Mother's war protest veers onto wrong path
By ROBERT L. JAMIESON Jr.
SEATTLE POST-INTELLIGENCER COLUMNIST
President Bush could end the shenanigans of the military mom turned antiwar poster child who is camped outside his Texas vacation ranch.
All he has to do is meet with the grieving woman.
If the president spoke with Cindy Sheehan for a few minutes behind ranch doors, he could field her questions about why her soldier son made the ultimate sacrifice.
He could show the world he does have a heart, contrary to public perception. A brief tête-à-tête also would douse the blaze of media that threatens to make the cowpoke town the site of a whoopee-ti-yi-yo showdown.
Mom versus the Prez.
Trouble is Sheehan is not sincerely interested in meeting Bush for a private, heartfelt chat about her understandable anguish and lingering questions.
She wants to make a public splash by allowing critics of the unjustified war in Iraq to use her as a human bazooka against Bush, who got us into this war mess.
That Sheehan would allow her private grief to be plied for a public stunt seems unfathomable even if her underlying message about unnecessary blood being shed by American soldiers hits the mark.
Sheehan already got face time with the president, right here in Western Washington last year -- a fact that folks tend to ignore as Sheehan morphs into the celebrity du jour.
It was in June 2004. Sheehan met with Bush at Fort Lewis. A reporter for a newspaper in Vacaville, Calif., Sheehan's hometown, interviewed her about the occasion.

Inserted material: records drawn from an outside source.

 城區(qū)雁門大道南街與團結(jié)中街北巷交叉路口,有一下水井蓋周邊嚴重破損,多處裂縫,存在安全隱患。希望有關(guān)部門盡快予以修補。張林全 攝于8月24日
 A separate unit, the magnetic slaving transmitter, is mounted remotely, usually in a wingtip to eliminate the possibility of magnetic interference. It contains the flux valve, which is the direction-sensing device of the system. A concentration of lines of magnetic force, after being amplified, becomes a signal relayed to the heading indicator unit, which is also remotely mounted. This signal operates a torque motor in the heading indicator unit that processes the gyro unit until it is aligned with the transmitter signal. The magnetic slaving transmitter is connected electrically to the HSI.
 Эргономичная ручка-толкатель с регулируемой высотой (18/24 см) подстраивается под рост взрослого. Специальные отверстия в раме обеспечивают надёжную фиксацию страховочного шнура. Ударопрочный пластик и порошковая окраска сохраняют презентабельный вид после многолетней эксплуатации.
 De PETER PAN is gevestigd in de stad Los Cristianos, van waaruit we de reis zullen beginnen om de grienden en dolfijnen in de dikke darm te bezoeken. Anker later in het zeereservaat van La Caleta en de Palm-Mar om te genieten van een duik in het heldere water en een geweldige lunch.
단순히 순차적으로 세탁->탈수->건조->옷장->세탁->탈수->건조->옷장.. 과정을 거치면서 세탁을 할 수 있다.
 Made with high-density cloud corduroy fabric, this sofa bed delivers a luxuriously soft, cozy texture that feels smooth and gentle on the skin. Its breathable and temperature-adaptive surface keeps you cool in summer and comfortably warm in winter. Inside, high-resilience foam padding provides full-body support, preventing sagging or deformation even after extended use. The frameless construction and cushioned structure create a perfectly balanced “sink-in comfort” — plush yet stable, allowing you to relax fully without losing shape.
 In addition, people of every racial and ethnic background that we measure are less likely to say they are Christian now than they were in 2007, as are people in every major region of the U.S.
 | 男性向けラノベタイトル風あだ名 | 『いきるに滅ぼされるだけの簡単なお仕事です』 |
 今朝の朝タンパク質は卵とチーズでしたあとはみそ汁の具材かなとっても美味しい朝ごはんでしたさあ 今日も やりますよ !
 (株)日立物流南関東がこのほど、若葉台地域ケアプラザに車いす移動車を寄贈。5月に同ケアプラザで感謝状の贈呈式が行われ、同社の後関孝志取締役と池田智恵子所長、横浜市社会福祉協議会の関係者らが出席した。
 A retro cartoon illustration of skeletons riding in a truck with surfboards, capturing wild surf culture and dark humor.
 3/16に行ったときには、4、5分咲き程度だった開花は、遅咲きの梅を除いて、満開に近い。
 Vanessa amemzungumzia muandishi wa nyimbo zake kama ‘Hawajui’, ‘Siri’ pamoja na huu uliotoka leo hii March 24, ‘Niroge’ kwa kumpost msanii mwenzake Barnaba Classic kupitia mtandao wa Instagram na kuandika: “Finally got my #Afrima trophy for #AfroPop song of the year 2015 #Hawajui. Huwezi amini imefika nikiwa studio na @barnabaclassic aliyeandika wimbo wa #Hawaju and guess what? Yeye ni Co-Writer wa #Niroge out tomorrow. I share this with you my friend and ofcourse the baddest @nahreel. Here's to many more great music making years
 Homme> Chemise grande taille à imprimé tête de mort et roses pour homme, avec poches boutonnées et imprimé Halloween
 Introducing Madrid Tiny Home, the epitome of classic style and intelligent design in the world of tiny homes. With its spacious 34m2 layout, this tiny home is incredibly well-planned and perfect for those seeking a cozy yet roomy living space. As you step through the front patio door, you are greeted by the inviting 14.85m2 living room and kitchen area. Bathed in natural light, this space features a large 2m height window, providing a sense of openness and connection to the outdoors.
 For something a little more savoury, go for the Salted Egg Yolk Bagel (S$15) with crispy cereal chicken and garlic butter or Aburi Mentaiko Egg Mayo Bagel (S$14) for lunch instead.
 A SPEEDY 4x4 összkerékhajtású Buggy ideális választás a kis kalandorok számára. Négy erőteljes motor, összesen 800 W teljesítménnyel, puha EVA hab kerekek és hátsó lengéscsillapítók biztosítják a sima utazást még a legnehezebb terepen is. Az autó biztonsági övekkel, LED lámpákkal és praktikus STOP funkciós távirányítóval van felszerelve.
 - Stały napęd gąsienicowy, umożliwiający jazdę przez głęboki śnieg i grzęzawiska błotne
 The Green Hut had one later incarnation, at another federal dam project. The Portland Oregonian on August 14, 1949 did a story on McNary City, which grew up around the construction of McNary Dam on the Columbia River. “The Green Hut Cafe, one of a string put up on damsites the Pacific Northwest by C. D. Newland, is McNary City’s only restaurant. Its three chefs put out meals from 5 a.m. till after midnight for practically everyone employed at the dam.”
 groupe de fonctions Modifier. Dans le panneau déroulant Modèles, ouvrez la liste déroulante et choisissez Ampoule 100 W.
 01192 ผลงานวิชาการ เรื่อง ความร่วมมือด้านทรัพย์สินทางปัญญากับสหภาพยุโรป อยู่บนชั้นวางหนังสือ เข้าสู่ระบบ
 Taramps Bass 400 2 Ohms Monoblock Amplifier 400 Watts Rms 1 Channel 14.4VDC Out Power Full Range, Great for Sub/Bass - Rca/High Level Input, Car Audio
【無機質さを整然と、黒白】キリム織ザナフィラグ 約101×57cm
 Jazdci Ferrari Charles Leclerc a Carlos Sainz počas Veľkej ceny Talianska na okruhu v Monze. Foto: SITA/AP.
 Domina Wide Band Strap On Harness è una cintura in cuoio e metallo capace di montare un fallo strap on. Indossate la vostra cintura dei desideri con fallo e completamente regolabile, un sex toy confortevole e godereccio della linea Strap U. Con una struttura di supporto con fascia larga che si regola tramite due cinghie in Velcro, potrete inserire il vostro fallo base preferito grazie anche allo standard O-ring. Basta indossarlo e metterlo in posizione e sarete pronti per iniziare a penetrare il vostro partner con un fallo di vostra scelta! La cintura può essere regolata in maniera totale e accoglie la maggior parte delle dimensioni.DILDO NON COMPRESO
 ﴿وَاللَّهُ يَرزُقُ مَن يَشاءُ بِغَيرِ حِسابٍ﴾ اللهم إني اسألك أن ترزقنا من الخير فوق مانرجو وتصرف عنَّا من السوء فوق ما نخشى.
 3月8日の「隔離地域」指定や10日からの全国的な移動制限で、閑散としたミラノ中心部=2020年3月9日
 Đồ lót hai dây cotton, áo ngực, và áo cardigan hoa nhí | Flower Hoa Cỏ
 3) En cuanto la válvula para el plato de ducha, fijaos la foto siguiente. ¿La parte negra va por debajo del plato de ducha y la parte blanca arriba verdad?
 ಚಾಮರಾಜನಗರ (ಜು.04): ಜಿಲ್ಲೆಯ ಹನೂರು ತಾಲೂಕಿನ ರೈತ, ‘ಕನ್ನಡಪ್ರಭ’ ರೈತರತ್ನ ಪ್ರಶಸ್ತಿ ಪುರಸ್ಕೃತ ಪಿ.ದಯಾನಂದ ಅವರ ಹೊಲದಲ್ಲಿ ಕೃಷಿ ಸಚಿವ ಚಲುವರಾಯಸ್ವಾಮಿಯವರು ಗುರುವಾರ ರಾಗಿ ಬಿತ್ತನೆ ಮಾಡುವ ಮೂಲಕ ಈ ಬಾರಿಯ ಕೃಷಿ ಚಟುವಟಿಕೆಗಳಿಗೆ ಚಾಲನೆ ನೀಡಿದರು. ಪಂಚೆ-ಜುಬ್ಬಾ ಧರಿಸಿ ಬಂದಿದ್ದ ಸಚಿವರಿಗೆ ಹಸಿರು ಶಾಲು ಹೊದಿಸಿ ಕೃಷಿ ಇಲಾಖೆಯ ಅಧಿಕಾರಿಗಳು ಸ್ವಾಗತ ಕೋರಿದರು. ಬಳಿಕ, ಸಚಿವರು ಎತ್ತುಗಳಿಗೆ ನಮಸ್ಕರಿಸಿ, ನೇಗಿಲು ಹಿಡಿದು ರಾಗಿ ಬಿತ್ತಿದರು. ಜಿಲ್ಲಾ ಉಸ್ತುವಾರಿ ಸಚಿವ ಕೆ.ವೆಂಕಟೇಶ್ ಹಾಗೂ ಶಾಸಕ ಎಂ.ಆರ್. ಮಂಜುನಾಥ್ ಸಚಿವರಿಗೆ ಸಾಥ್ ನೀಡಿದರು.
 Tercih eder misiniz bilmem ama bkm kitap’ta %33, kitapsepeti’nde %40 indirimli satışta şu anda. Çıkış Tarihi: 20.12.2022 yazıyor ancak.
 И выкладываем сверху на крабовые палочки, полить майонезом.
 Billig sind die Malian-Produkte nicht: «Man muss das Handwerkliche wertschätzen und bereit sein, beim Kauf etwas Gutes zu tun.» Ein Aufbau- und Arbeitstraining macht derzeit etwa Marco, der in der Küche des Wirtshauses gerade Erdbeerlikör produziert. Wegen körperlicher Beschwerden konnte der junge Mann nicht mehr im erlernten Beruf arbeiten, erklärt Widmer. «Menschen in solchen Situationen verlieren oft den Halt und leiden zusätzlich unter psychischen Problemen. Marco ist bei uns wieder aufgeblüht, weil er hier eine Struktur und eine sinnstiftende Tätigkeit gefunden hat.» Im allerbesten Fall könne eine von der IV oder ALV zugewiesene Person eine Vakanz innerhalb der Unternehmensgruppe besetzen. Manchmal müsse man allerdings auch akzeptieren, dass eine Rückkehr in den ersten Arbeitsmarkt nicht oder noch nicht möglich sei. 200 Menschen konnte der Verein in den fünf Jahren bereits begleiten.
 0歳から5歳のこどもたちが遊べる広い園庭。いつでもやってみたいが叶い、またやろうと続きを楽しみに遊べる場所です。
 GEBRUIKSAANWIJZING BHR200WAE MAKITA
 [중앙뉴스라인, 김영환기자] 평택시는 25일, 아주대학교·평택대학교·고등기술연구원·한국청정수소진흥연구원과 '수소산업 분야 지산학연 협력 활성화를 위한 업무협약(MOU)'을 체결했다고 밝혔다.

The mom said at the time that Bush seemed sincere about desiring freedom for the Iraqis and appeared to feel the pain of lost American lives. Sheehan said meeting Bush and hearing his condolences made her family feel better.
"That was the gift the president gave us, the gift of happiness," Sheehan told the newspaper.
Tellingly, when the Sheehan family met with Bush they opted not to share concerns about the war, according to news accounts.
Now Sheehan is sounding a different tune.
She believes Bush lied about the war. She says the war is wrong. She wants to return the presidential "gift" to sender.
"If I can shorten the war by one minute and save one life, that would just give me so much comfort in my grief," Sheehan was quoted as saying this week.
I agree with Sheehan's statement in principle. I do not agree with her form of political protest, which she has the right to do. Her effort just seems like a misguided spectacle.
Sheehan admits that she just wants to lay a question on Bush: Why did you kill my son?
Her accusatory tone suggests that she wants to flog the president with blame and vitriol and not have a meaningful, respectful dialogue.
At the very least, she gets her name all over the news as the mom who tried to stick it to Bush.
If Sheehan wants sober war policy answers, I have a one-word suggestion for her: Google.
She can read up on Bush's shifting justifications for the Iraq debacle. She won't get solid answers, but she will read a lot about a Bush administration that misrepresents facts and lies as a matter of habit.
She also will come across accounts of our "heartless" president crying with families of dead soldiers.
Sheehan's Texas tantrum wittingly or unwittingly abets left-leaning forces that are happy to use her to get at the president. If the anemic antiwar movement needs a mourning mom to lead the charge against this unjust war, then the movement is in dire straits.
Protest marches and demonstrations, which powered public sentiment against the war in Vietnam, have been reduced to this -- a mom with a mic.
Pathetic.
My thoughts drift to grieving parents of slain troops who have not even had a chance to meet with Bush.
There are hundreds of soldiers' families -- several in the Seattle area -- in as much grief as Sheehan is over the death of her son, Casey, last year in Operation Iraqi Freedom.
They haven't found the need to shack up near the president's vacation pad to shame him into a confrontation under the guise of seeking sincere dialogue.
Some of these families believe the war is wrong, too.
They just choose to deal with their feelings in a way that doesn't cheapen the memory of their loved ones or turn a grave matter into a media circus standoff that generates more heat than light.